Congress tourism as a part of elite tourism is something they are serious and ambitious about on the Montenegro coast. Other projects in the vicinity of Budva are also proof of capital attracting capital. This summer the Aman Hotel in Sveti Štefan was renovated and re-opened, the Porto Montenegro mega yacht marina in Tivat followed, sponsored by such names as banker Jacob Rotschild, Russian oligarch Oleg Deripasko and magnate Bernard Arnault. All for the goal of Montenegro becoming the Monaco of the Adriatic. They face several obstacles on that way, the biggest being poor accessibility by plane and road travel, one of the destination’s biggest current insufficiencies. The national air travel provider has a poorly developed flight net, and according to the opinion of the local congress tourism players, they do not sufficiently understand and support congress tourism. There are only a few low-fare air travel providers, mostly in the near-by Dubrovnik. The entire destination is mostly dependant on charter flights, which are dependent on the attractiveness of the hotel selection. The road accessibility is also lacking. The divide between the tourist slogans about the eco destination and the actual communal order also leaves a bitter aftertaste.
The destination, promoting itself as a wild beauty is well on its way to becoming a true congress beauty, but a lot will have to be done on the road to perfection, especially in infrastructure and shifting from seasonal to year-round congress activity. This is the very reason why it is practically impossible to organize a congress or an event in high season and why access is difficult in low season. The Montenegro coast remains a less accessible congress destination for the time being and a periodically seasonally unconquerable fortress.
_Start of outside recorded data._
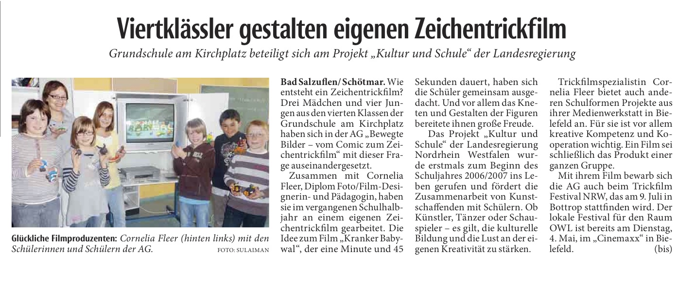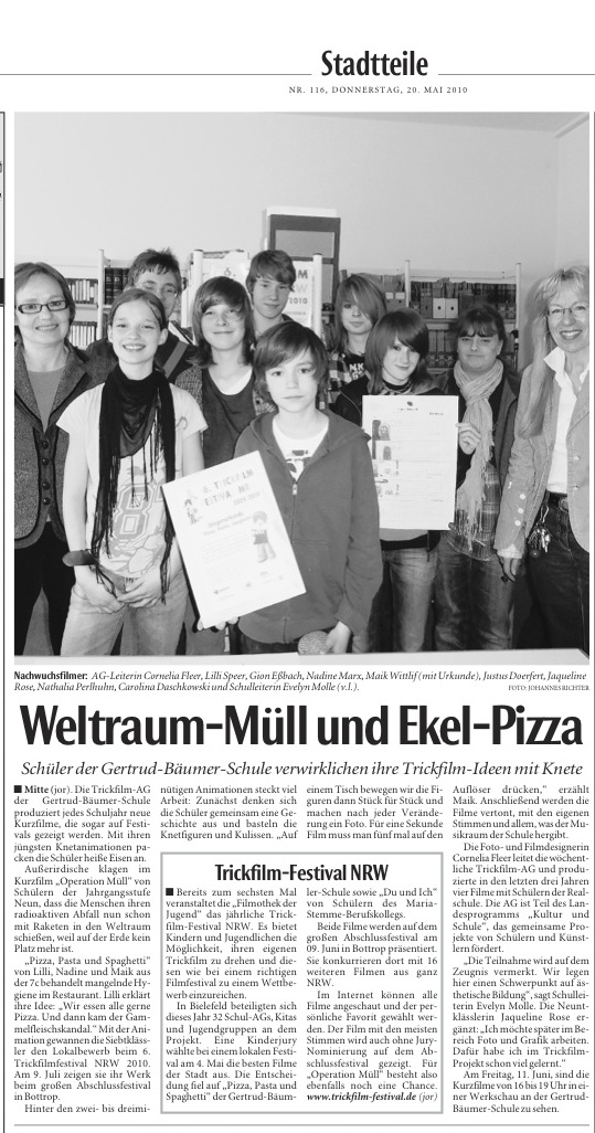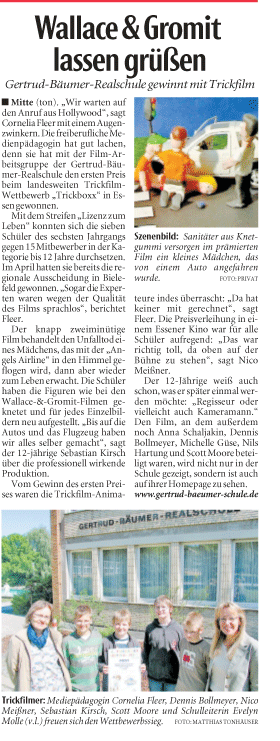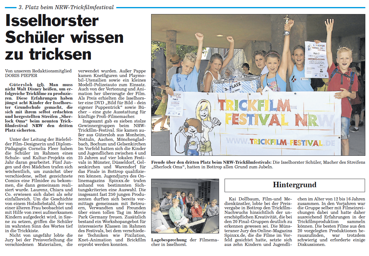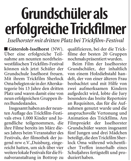 "Unter die besten drei Filme hat es auch "Sherlock Oma" geschafft. Durch sehr gute Vertonung, Kulissen und Animationen ist er besonders aufgefallen. Interssant war außerdem die Darstellung durch verschieden Materialien wie Knete und Papier. Sehr kreativ fanden wir auch den Gesang am Ende des Films, der das Ende nicht so abrupt wirken ließ.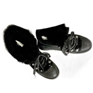 Black 100% Nubuck leather upper. Warm and cozy faux shearling lining. You can leave the sides up or fold down. Accented with cute black and white micro-dotted laces (doesn’t come with the red).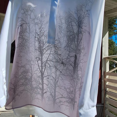 Kivan mallinen väljä pusero, laskeutuvaa materiaalia. Mitat kai-kai 53cm, olka-helma 62 cm. Hihan mitta pääntiestä hihansuille 40 cm.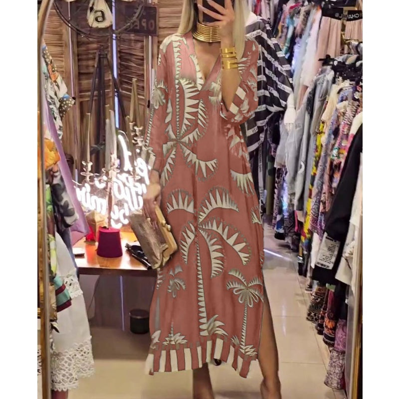🌷Limited Time 48% OFF💞Women's Vintage Coconut Tree Print Dress with 3/4 Sleeve & Split Hem

Destination grade: 3 – RECOMMENDABLE CONGRESS DESTINATION
- Grade description:
5 excellent congress destination
4 quality congress destination
3 recommendable congress destination
2 average congress destination
Comparison to region:
Budva is one of the central incentive destinations on the Adriatic coast, with very successful marketing and despite numerous deficiencies in poor accessibility and current capacity selection. The development plans for the Monte Carlo of the Adriatic, openness from foreign investors and very liberal policies could position the Montenegro coast very high on the congress map in the next few years, while it is already the leader in the area of incentive programs. It boasts the unique opportunity for the practically untapped Russian congress tourism, which has always had a positive relationship with Budva. If this “wild beauty” improves its accessibility, price competitiveness and infrastructure, it can be a worthy competitor as a congress destination even in the wider region of the Mediterranean as one of the top destinations.